The algorithms used in discovery have one thing in common: there is no “goal” within the data. Instead, the goal is to look at a pile of existing data and extract insights in a bottom-up manner — learn about customers, group them together, and understand how they are already working.

While these techniques are best known when applied to “big” data sets that have log data from millions of users, they’ve also been applied successfully on small datasets too — each of them should seem eerily similar to qualitative methods that extract similar insights from qualitative research methods.

Discover Algorithm #1: Clustering

Also Known As: Segmentation analysis
Qualitative Methods That Yield Similar Insights: Personas, roles & goals, affinitization
Use When: You have a set of data about people (from logs, or manually collected e.g. in surveys), you don’t want to look at every individual customer row by hand, and want to extract themes or groupings to form a bigger picture. e.g. if you hope to describe your customers in 4 groups. You may also segment your customers in order to use those segments to slice other data, e.g. to describe how behavior patterns differ between 4 groups of users. This can feed into qualitative methods such as personas or roles & goals.
Data Recommendations: >100 rows of data where each row represents a person or thing, 2 or more descriptive columns

Cluster analysis is most often used to segment & group users into a smaller set of groups — instead of of working with 100 users who all seem unique, you can use clustering to sort them into a smaller number of groups (typically between 3–8 groups so it’s easy to present). If your goal is to create personas and you want to supplement your qualitative research, clustering is the best method to help you using bottom-up data: start from a data set with traits about users and cluster them together, and then label the groups and create personas out of them.

Clustering can be used on many other data sets, however, using them to segment people into several groups is the most common teaching example — it’s easy to understand why a marketer or designer would want to split your users into a set of groups that behave similarly, not unlike cliques in high school.

It’s very common to use clustering on a data set with a lot of information about user behavior, and then use this to help pick a number of groups and look at traits. You might look at groups and create personas based off the groups identified in the data, for example “Sandra the socialite” (because people in that group use a lot of social media functions), “Ivan the introvert” (if users in that group don’t use a lot of social media), and so on.

Figure courtesy of Wikimedia Commons.

Types Of Clustering: There are two key types of cluster analysis that might be useful to UX research:

  1. k-means
  2. hierarchical clustering

These two work from different directions — with k-means you start by telling it how many groups you want to create (that’s the “k” in “k-means”). For hierarchical clustering you run the clustering analysis and then look at the traits of the groups to decide how many groups to pick.

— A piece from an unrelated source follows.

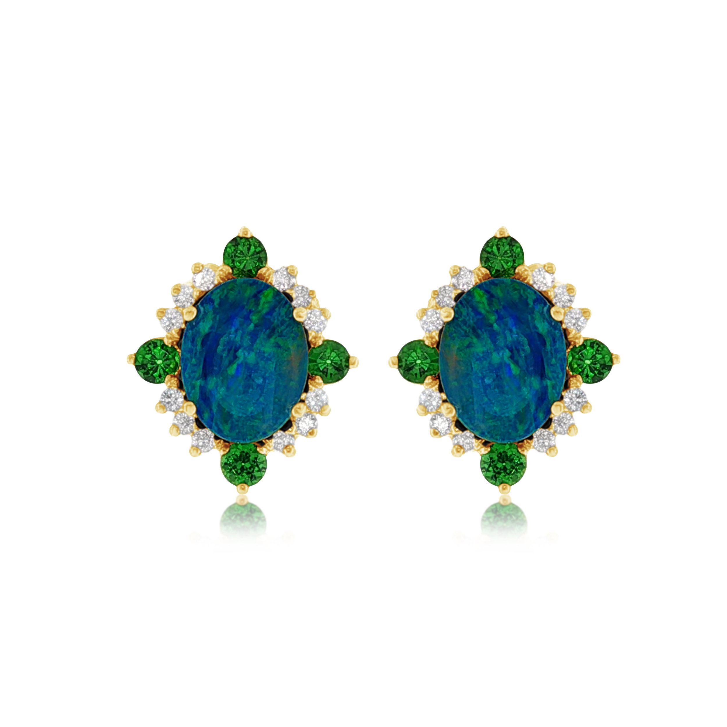 These opal stud earring studs feature vibrant tsavorite garnets, dazzling round diamonds, and mesmerizing boulder opals, all set in 18k yellow gold. A perfect blend of bold color and sparkle, they add a unique, luxurious touch to any ensamble.-18k Yellow gold-Tsavorite Garnets-Boulder Opals-Round diamonds, 0.24ctsItem# 809-00688

Further Reading: How To Make Personas More Scientific

Discover Algorithm #2: Association Rules

Also Known As: Market basket analysis, Shopping cart analysis
Qualitative Methods That Yield Similar Insights: Affinitization
Use When: You have a set of data about behaviors
Data Recommendations: >100 rows of data that could be arranged into a co-occurrence matrix, or arranged as a long list of 2 or more items that appeared together in the data

If you’ve ever shopped on Amazon or Netflix, you’ve experienced association rules in action — so much so that association rules are often called “shopping cart analysis”. While clustering is often used to group users together and users can only be in one group at a time, if you wanted to look at what activities users do together even though users do many things, association rules would be more appropriate. If your product has many different features that are used by different people, you might use association rules to look at, say, which two activities users are most likely to do one after another, or during the same session, or even for a single user to ever use the two together.

Amazon.com’s product recommendation engine is a well-known example of association rules, often called shopping cart analysis.
Netflix recommends movies based on what users have previously watched.

Types of Association Rules: First time users of association rules often start with the apriori algorithm — there are many different implementations of association rules, and apriori is a relatively easy one to understand and get started with. When you use this, the output is a sorted list of pairs — “if this then that”, e.g. using the Netflix recommendation pictured above, “if someone watched Inside Job, they’re most likely to have also watched The Big Short, and second most likely to have also watched Silicon Cowboys.”

Further Reading: Association Rules and the Apriori Algorithm: A Tutorial, What is a co-occurrence matrix?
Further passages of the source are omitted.